* [INSTRUCTIONS FOR THE TASK]
Identify the line with "Genaue Datums- und"; copy word for word that line and every one after it, to the end of the listing. Exclude pictures.

* [TASK INPUT]
——————————
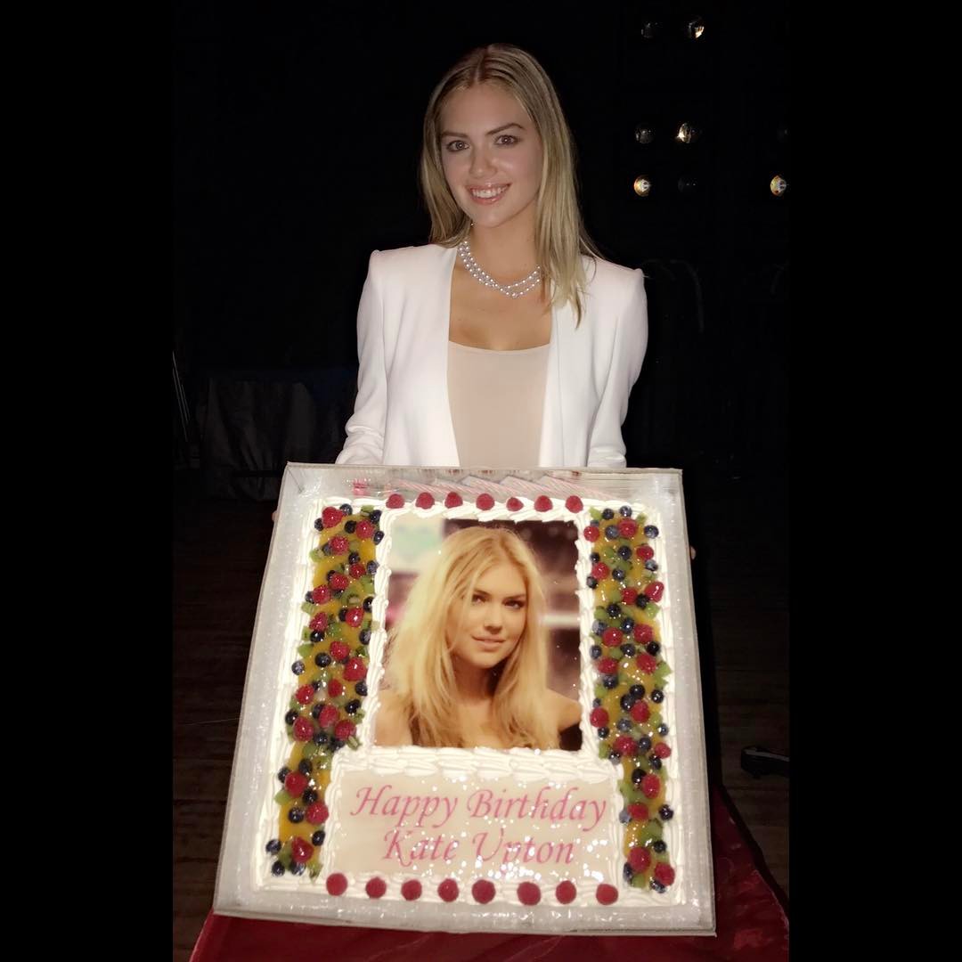 ケイトは、自身の顔が大きくプリントされたケーキにご満悦の様子で、インスタグラムに「ケーキ、ケーキ、ケーキ、ケーキ」とコメントを付けてアップした。
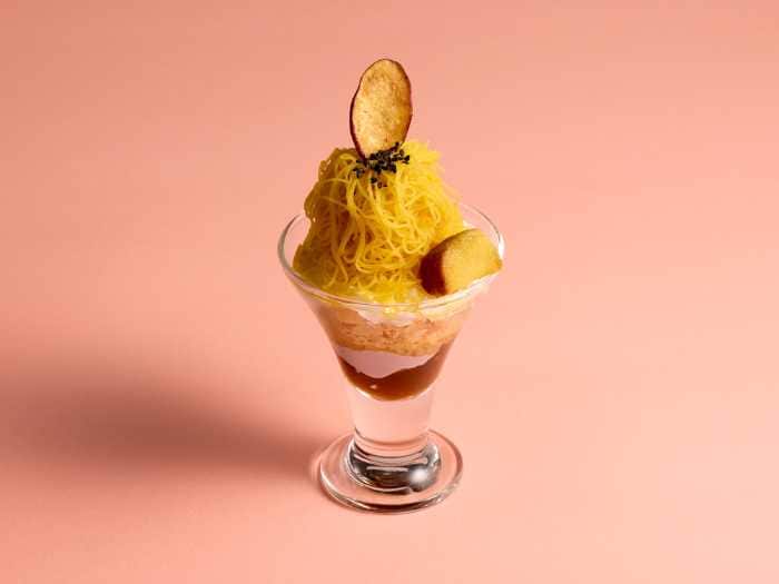 さらに、塩キャラメル&ナッツアイスやりんごのコンポートを合わせた贅沢な「おいもパフェ」(1,090円・税込1,199円)も登場。おいも本来の甘さを引き立てる工夫が光ります♡
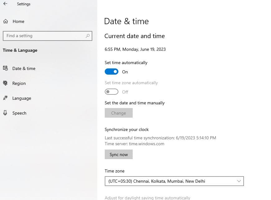 Genaue Datums- und Zeiteinstellungen sind für verschiedene Systemfunktionen wichtig und können die Funktionalität des Microsoft Store indirekt beeinflussen. Sogar Microsoft empfiehlt, Ihre Zeit- und Standorteinstellungen zu überprüfen, um das Microsoft Store zu beheben, das nicht unter Windows 10 geöffnet wird.
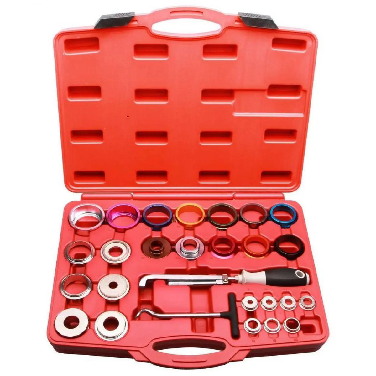 Знімач для сальників колінчастого та розподільних валів призначений для швидкого та безпечного демонтажу і встановлення ущільнень. Інструмент забезпечує точну роботу без пошкодження посадкових місць і навколишніх деталей. Підходить для використання в автосервісах і ремонтних майстернях, де важлива ефективність і зручність роботи.
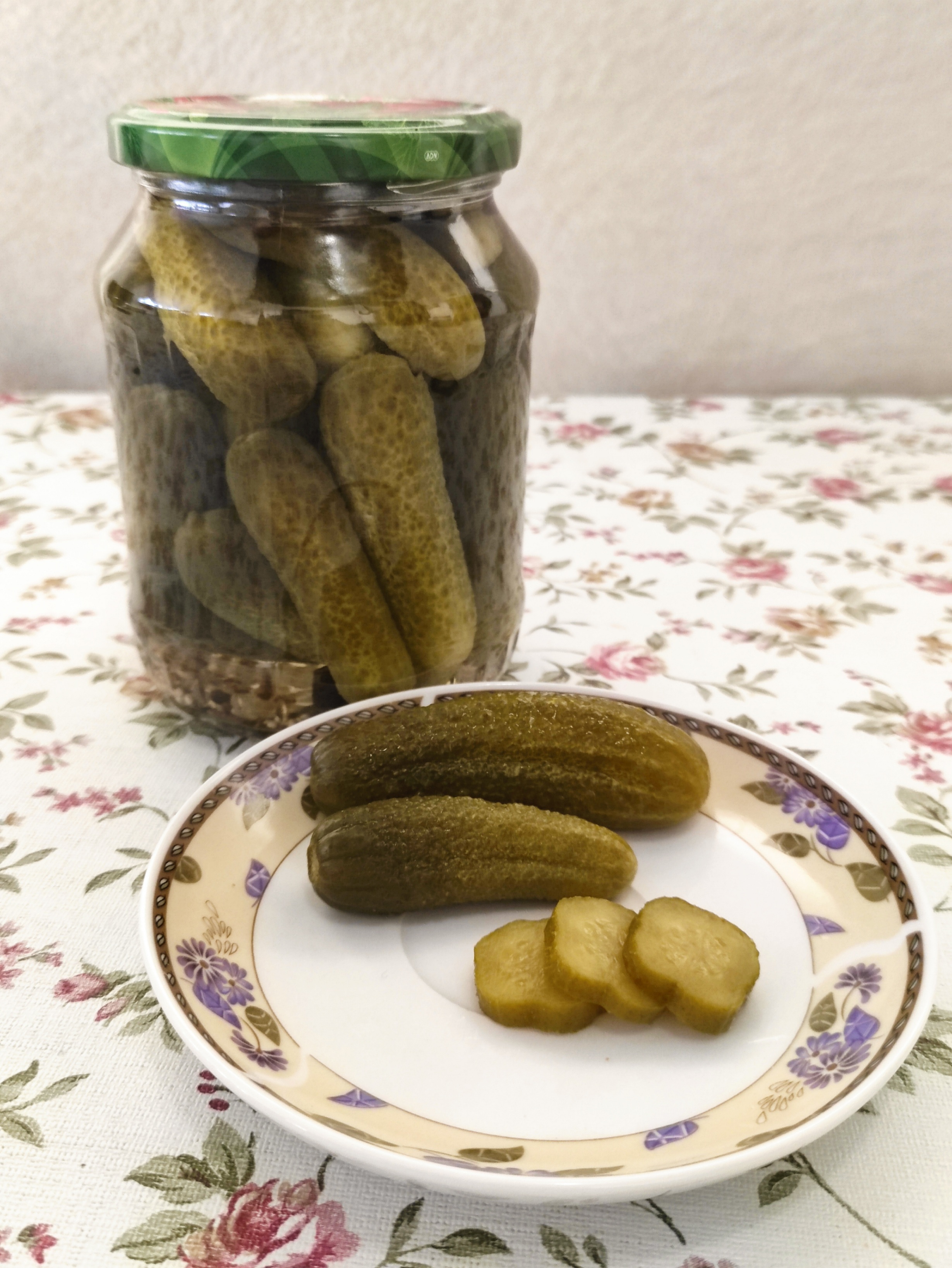 Finom,roppanós csemege uborka . Vegyszermentesen termesztett uborkából készült, tartósítószer nélküli termék. Uborkák mérete:6-9 cm Felöntőlé tartalma:ivóvíz,ecet ,só ,cukor, kapor, babérlevél, egész bors, koriander, mustármag, szegfübors. Súlya: 650g /350 g Hőkezeléssel tartósítva,ezért felbontás után célszerű hütőszekrényben tárolni. A kiürült üvegeket visszavárjuk!
——————————
* [EXPECTED ANSWER]
 Genaue Datums- und Zeiteinstellungen sind für verschiedene Systemfunktionen wichtig und können die Funktionalität des Microsoft Store indirekt beeinflussen. Sogar Microsoft empfiehlt, Ihre Zeit- und Standorteinstellungen zu überprüfen, um das Microsoft Store zu beheben, das nicht unter Windows 10 geöffnet wird.
 Знімач для сальників колінчастого та розподільних валів призначений для швидкого та безпечного демонтажу і встановлення ущільнень. Інструмент забезпечує точну роботу без пошкодження посадкових місць і навколишніх деталей. Підходить для використання в автосервісах і ремонтних майстернях, де важлива ефективність і зручність роботи.
 Finom,roppanós csemege uborka . Vegyszermentesen termesztett uborkából készült, tartósítószer nélküli termék. Uborkák mérete:6-9 cm Felöntőlé tartalma:ivóvíz,ecet ,só ,cukor, kapor, babérlevél, egész bors, koriander, mustármag, szegfübors. Súlya: 650g /350 g Hőkezeléssel tartósítva,ezért felbontás után célszerű hütőszekrényben tárolni. A kiürült üvegeket visszavárjuk!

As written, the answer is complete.